From Building Big Homes to Owning Them

Immigrants account for about 45,000 of Baltimore’s 620,000 residents. That is more than double the number of foreign-born people who lived in the city two decades ago. Latinos make up the largest chunk – at least 40 percent. Asians, Middle Easterners and Africans make up the rest.

“We want them to come and stay here,” said Elizabeth Alex, director of the Baltimore office of CASA de Maryland, a non-profit organization that advocates for immigrant rights. “We wanted to solidify the city’s history as an immigrant city.”

“It’s a younger population,” said Alex, who played a key role in crafting the city’s executive order. “They have kids, which helps school enrollment, and that’s all part of planning the city’s future.
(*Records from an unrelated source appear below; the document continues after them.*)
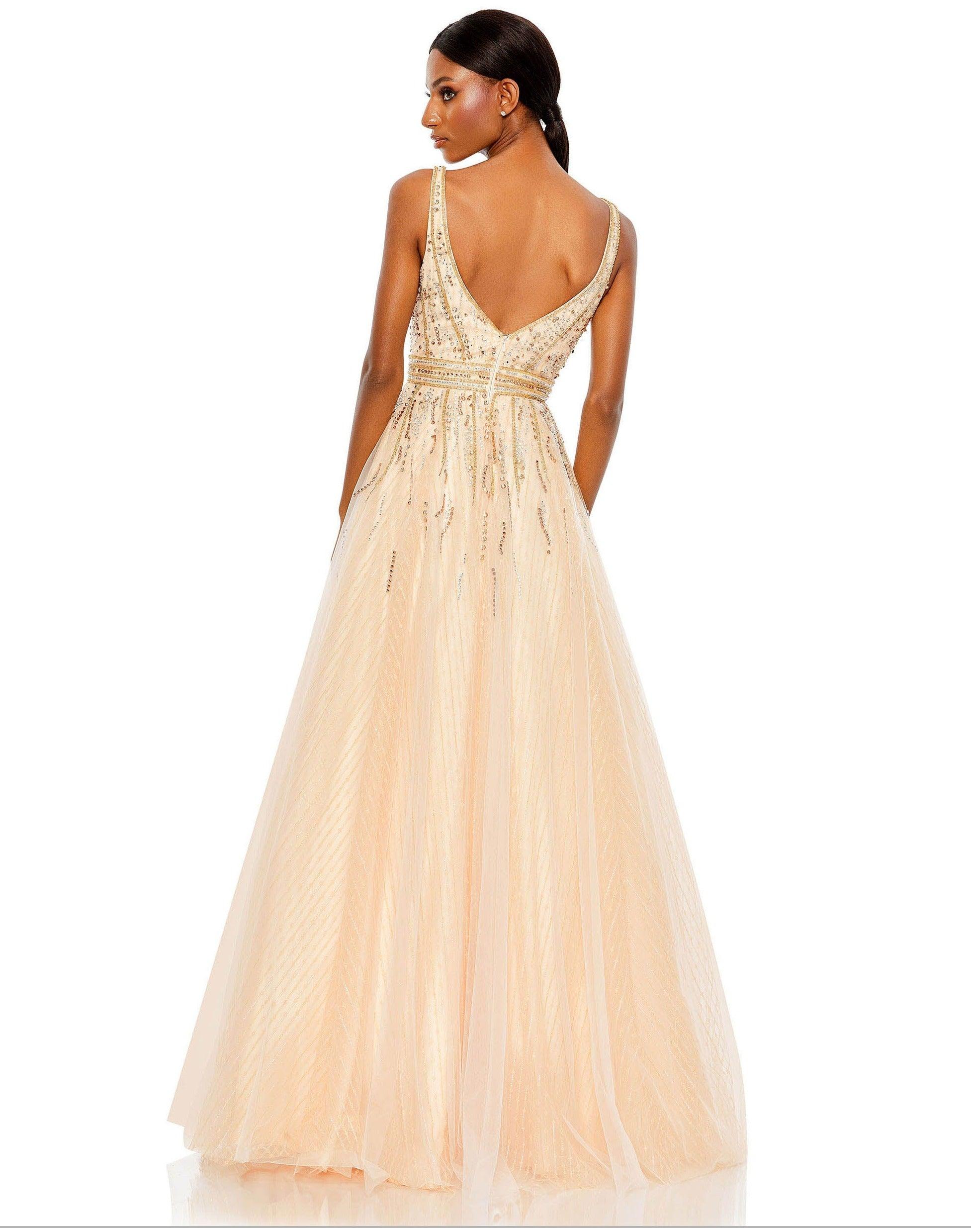 Punctuate your look for an evening of dancing and romance with this stunning gorgeous long prom dress. You will be the belle of the ball in this one! This sleeveless long gown with a V-neckline and a V-back design. This ball gown is made of tulle material. Perfect for any special occasion.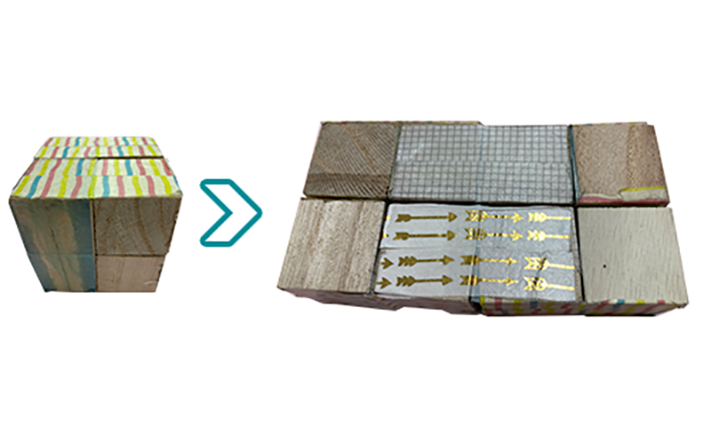 視覚に障害がある人にも、触れることで変わっていく形がわかるおもちゃとなります。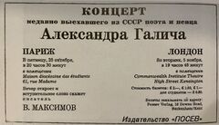 25 июня 1974 года Александр Галич уезжает из СССР по израильской визе, но на пересадке в Вене получает в норвежском посольстве нансеновский паспорт (удостоверение беженца) и вместо Израиля отправляется в Норвегию, заехав по пути во Франкфурт на конференцию журнала «Посев»[53]. На родине имя Галича вымарывается из титров кинофильмов, все тексты его сценариев и пьес изымаются из библиотек и оказываются под запретом[54].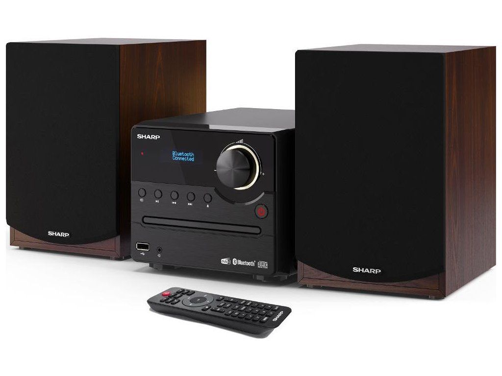 Mikrosystém, výkon 45 W, hudba přes Bluetooth, USB, CD mechanika, USB, FM tuner, ekvalizér s 6 předvolbami, dřevěné reproboxy, LCD displej s bílým podsvětlením, CD/CR-R/CD-RW/MP3
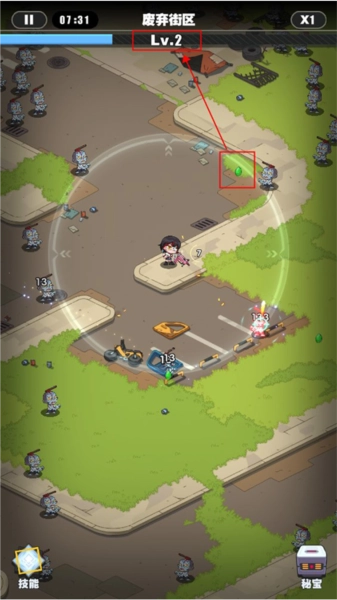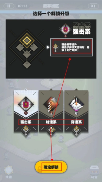 角色等级通过拾取经验球提升后,便能解锁技能学习。玩家只需点击,就能查看各技能的具体效果,在此建议优先选择子弹类技能。
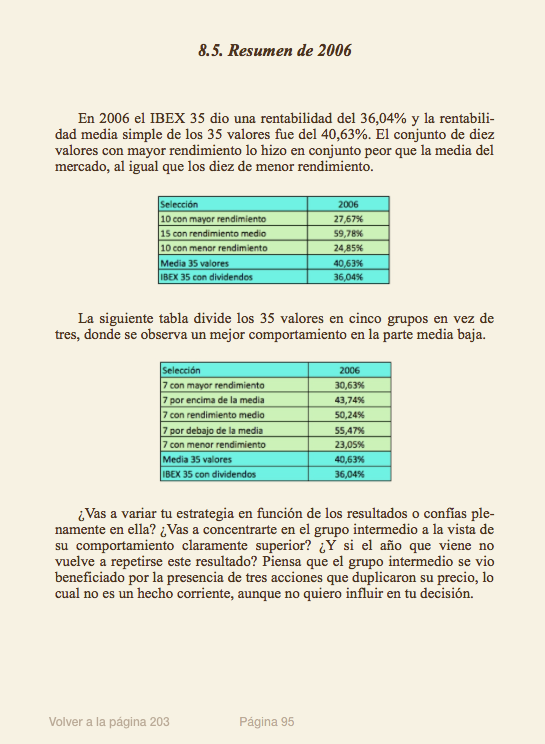 Incluye también un estudio sobre los valores del IBEX 35 desde enero de 2006 hasta mayo de 2020, presentado como un juego. Para cada año hay un ranking de los valores del IBEX 35 ordenados según su rendimiento el 1 de enero (o sea, en base al precio de cierre del año anterior). Seguidamente hay una “tabla de pistas“ que indica gráficamente la situación de cada empresa en una serie de ratios financieros para ayudar al lector a hacer su propia selección de valores. A continuación se encuentra una tabla con la rentabilidad de cada valor al finalizar el año, de modo que el lector podrá calcular el resultado de su cartera, y un resumen con la rentabilidad media de las acciones del IBEX 35 divididas en grupos según su rendimiento al inicio del año.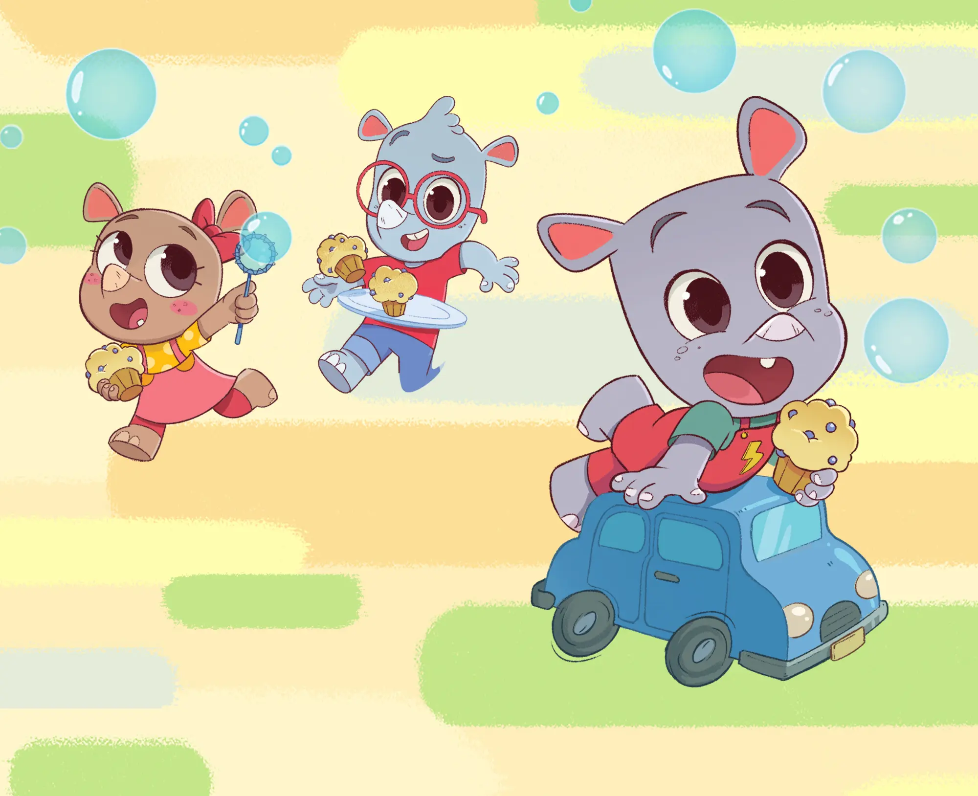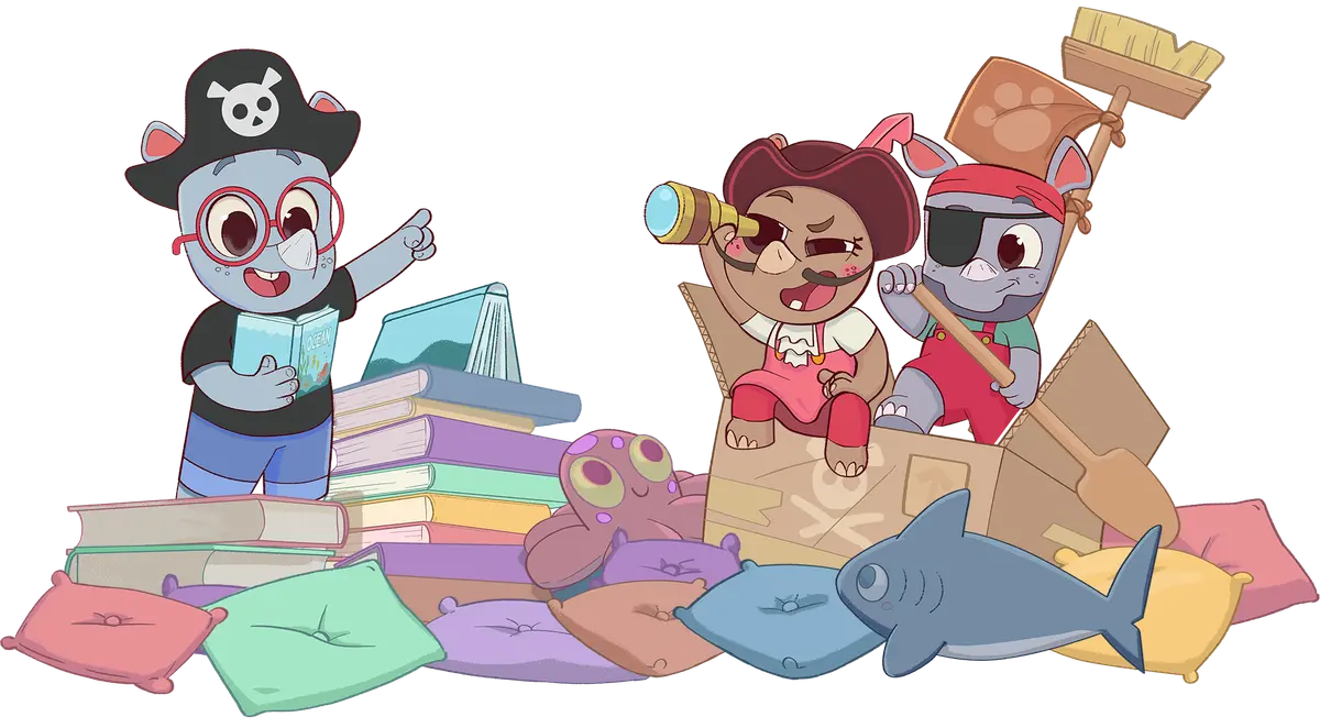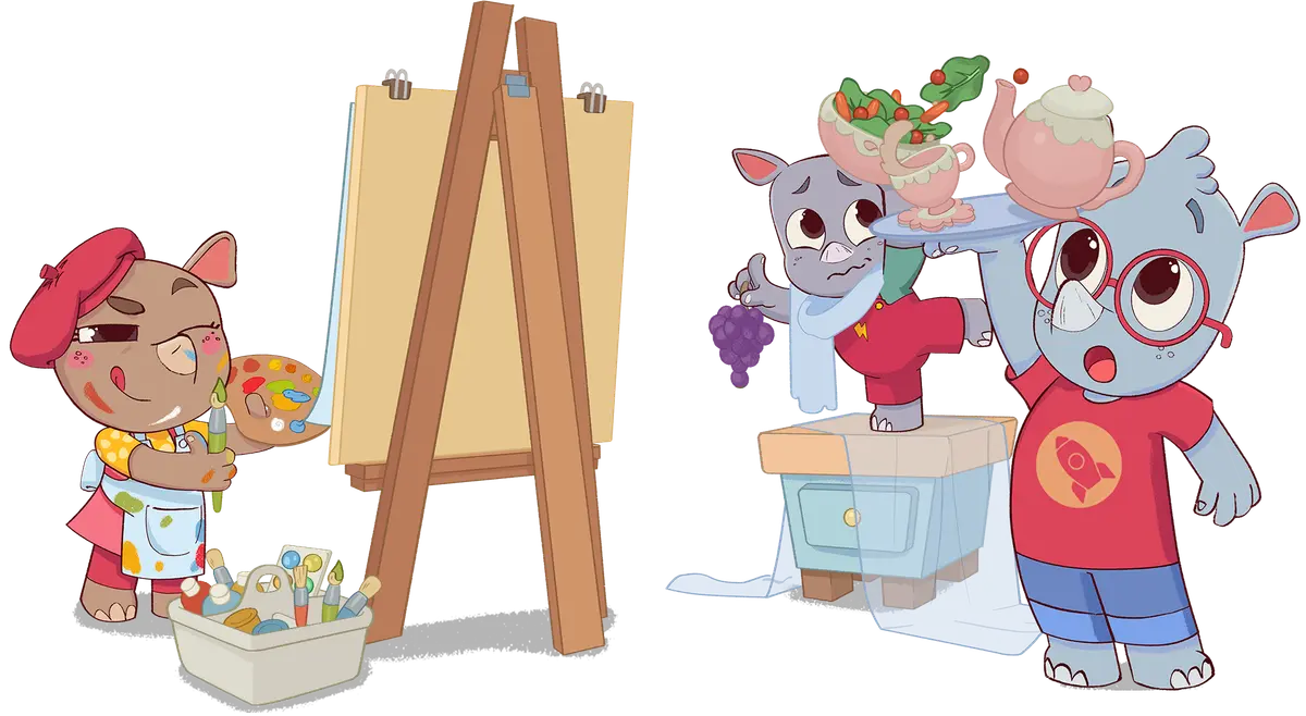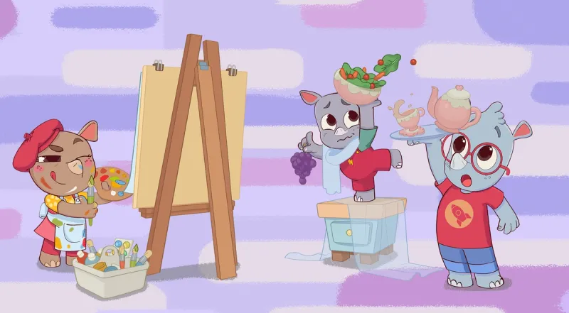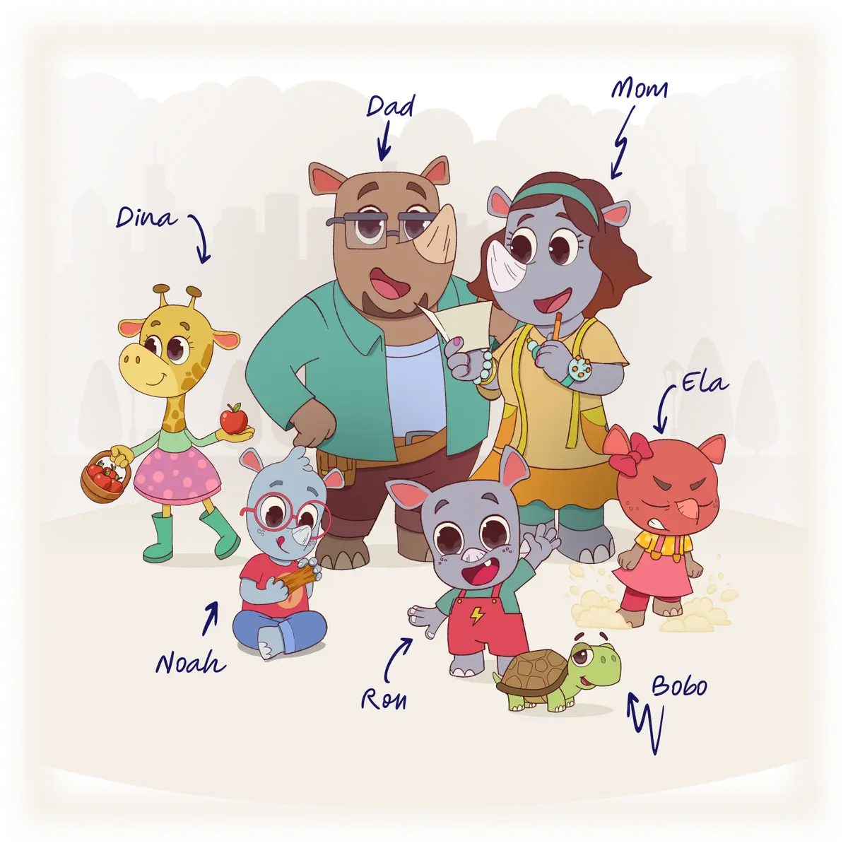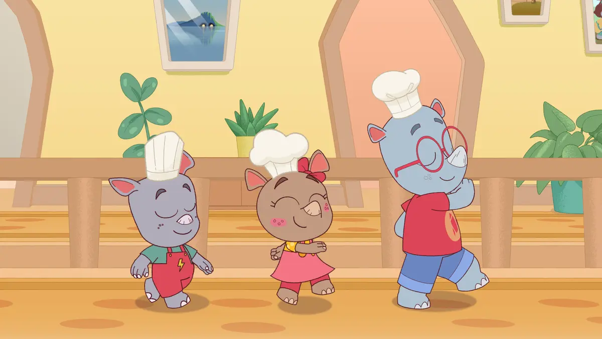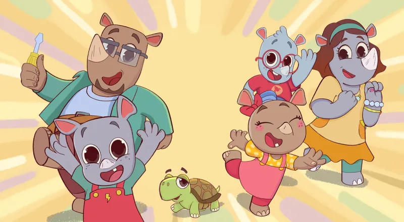 Family House is a very busy, happy place, where lives siblings Noah, Ela, Ron and their parents, Rhino Mom and Rhino Dad. The Rhinos loves to play games together.

We want them to stay here and be the nurses and doctors in the city.”

Now, the Latino community in Baltimore has role models – success stories to guide and, they hope, inspire those starting out on the lowest rungs.

They are a key piece of the unofficial support system that is helping to attract Latinos to Baltimore, and in ways both direct and indirect, make them feel welcome and at home in the city.

Nicolas Ramos is an example.

Ramos, 54, traces his days in the United States to his teen years, when he came to do seasonal farm work. Eventually he stayed, illegally, to do more regular work to send more money to his family back home in Mexico.

He finally got legal status after the 1986 amnesty, and years later arrived in Baltimore, drawn by the abundance of construction jobs.

Often, he would come home after an 18-hour day of toiling and tell his wife, Tania, that he could not believe how much perfectly usable construction materials were simply discarded. But with the proverbial immigrant optimism, he vowed to take others’ unwanted construction debris and build his own restaurant one day, with his very own hands.

“I cried,” said Tania, 42. “I thought he was crazy.”

But he did it, painstakingly renovating a boarded-up restaurant every day for four years, working on it after putting in a whole day in his regular construction job.

Nearly every brick, every table, the floors, the light fixtures in his restaurant, Arco, were discarded materials, he said.

Looking down Broadway, Ramos recalled the way the thoroughfare used to be.

“Most of these stores were boarded up about 10 years ago,” he said, “then Latinos came here and, like me, started opening up businesses. Latinos came with their families. When you come with your spouse, with your children, you care more about your community, you feel more vested. You want the schools to be good.”

Today, Ramos is one of many business owners in Baltimore who is active in pushing for improvements for Latinos in the city. He sits on Hispanic commissions in the city and the state.

“Now there are established people in our community,” Tania said, “there are people who have succeeded and can connect the dots – they can direct energy and attention to the needs of the community, they can push for change, pick up the phone and connect one person to another who can help them.”

Ramos, along with his two oldest kids – two teenage daughters – has attended meetings with city and state officials to discuss Latino needs and concerns, and has participated in rallies and marches to push for laws that would allow undocumented students to attend college at rates for state residents, and allow undocumented immigrants to obtain driver’s licenses.

Last year, voters in Maryland approved the in-state tuition measure, becoming the first state to do so by popular vote.

“It’s not just the city of Baltimore that is responding to immigrants, but the state also,” Ramos said. “Our next fight is about driver’s licenses.”